Many measurements in science, engineering, medicine, and business call for determining properties of the interior of an object without physical probing or other destructive testing. Areas in which such noninvasive testing plays a major role range from medical imaging to oil and gas prospecting. In these situations, objects are probed by noninvasive methods utilizing sound waves, electromagnetic radiation, electrical currents, or other means. The expectation is that the interior of the object will affect the waves or currents, and the body response will provide a window into its properties so that one can construct an image of the interior of the object. The goal of this research project is to study the mathematics behind such imaging techniques and advance the rigorous foundations on which this field is based. Results have the potential for important advances in imaging technology.This project will encompass a study of three inverse problems for hyperbolic partial differential equations. The first two problems are associated with a hyperbolic operator in three space (and one time) dimensions, with the operator consisting of the wave operator plus a compactly-supported potential, where the potential is supported, say, in a ball of radius one. For the inverse back-scattering problem, one considers the solution of the hyperbolic initial value problem corresponding to a point source located on the unit sphere. The goal is the recovery of the potential from the back-scattering data consisting of the value of the solution measured at the source location, for all time. To do this, a study of the injectivity of the map from the potential to the backscattering data will be performed. For the second problem, one considers the solution of the hyperbolic initial value problem with the source placed at the origin, and the goal is the determination of the potential from the trace of the solution on the unit sphere, for all time. For the third problem, one considers the solution of the standard wave equation with zero initial position function and arbitrary initial velocity function. The goal of this part of the project is to recover the velocity function from the trace of the solution on the light cone, the cone where time equals the magnitude of the position.

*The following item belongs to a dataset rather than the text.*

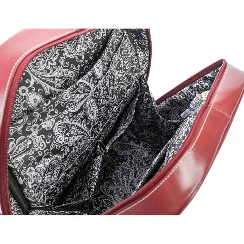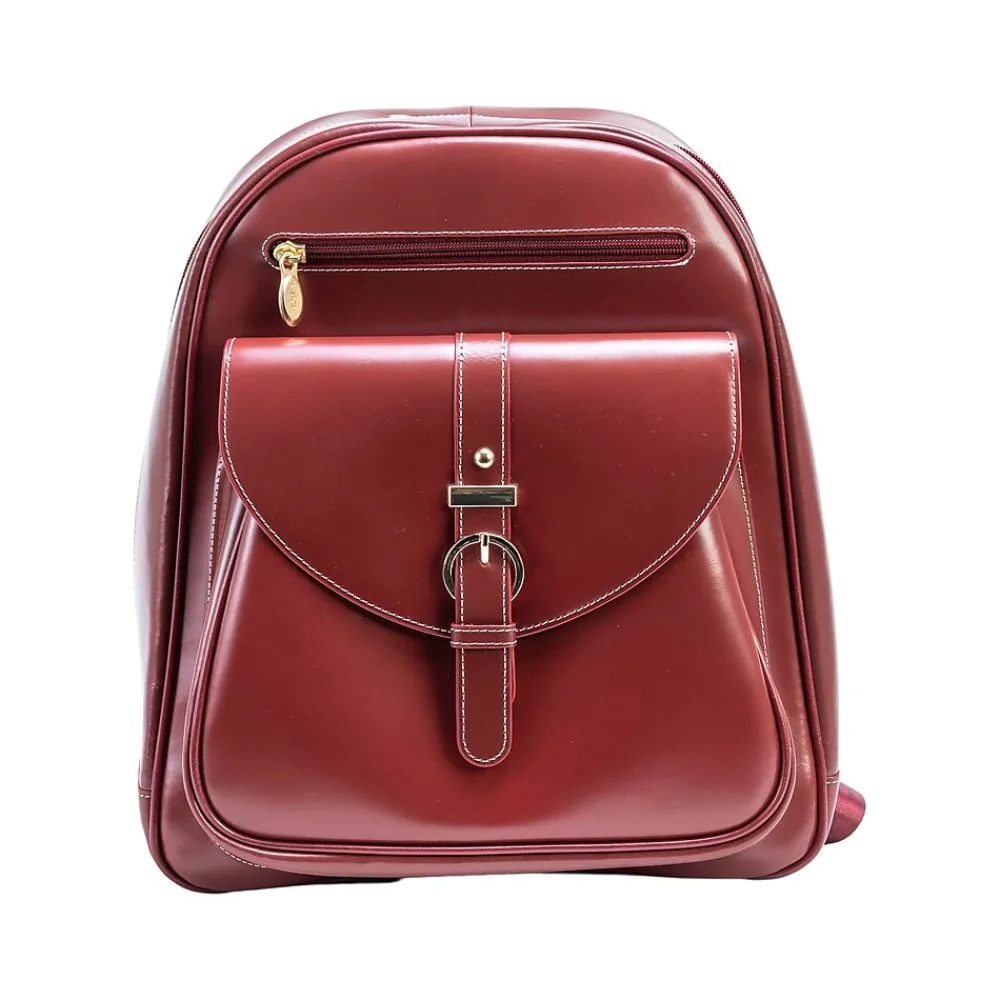 This McKleinUSA MOLINE business laptop/tablet backpack features a front pocket with a magnetic clasp and a belt design on the front pocket, interior laptop pocket and tablet pocket, back zipper pocket, four slip pockets for power cords, plugs, and accessories. The main compartment features a wide opening, with the ability to unzip all the way down on each side. The zippers on the main compartment can be locked. The interior is fully lined, complete with hardware in a gold-tone finish. The backpack also features adjustable straps and a handle hook for carrying or hanging. Comes with protective metal feet on the base.

科学、工程、医学和商业中的许多测量要求在没有物理探测或其他破坏性测试的情况下确定物体内部的属性。从医学成像到石油和天然气勘探,这种非侵入性测试发挥着重要作用的领域。在这些情况下,通过利用声波、电磁辐射、电流或其他手段的非侵入性方法来探测对象。期望的是,物体的内部会影响波或电流,身体的反应将提供一个窗口,以了解其属性,以便人们可以构建物体内部的图像。该研究项目的目标是研究此类成像技术背后的数学,并推进该领域所基于的严格基础。本计画将研究三个双曲型偏微分方程式之反问题。前两个问题与三维空间(和一维时间)中的双曲算子有关,该算子由波算子加上紧支势组成,其中该势被支撑在半径为1的球中。对于后向散射反问题,考虑了对应于位于单位球上的点源的双曲初值问题的解。我们的目标是恢复的潜力从后向散射数据组成的值的解决方案在源位置测量,为所有的时间。要做到这一点,将执行从电位到后向散射数据的映射的注入性的研究。对于第二个问题,我们考虑的双曲型初值问题的解决方案与源放在原点,和目标是确定潜在的单位球上的解决方案的轨迹,为所有的时间。对于第三个问题,考虑具有零初始位置函数和任意初始速度函数的标准波动方程的解。这个项目的这一部分的目标是从光锥上的解的轨迹中恢复速度函数,光锥上的时间等于位置的大小。

项目成果

期刊论文数量(0)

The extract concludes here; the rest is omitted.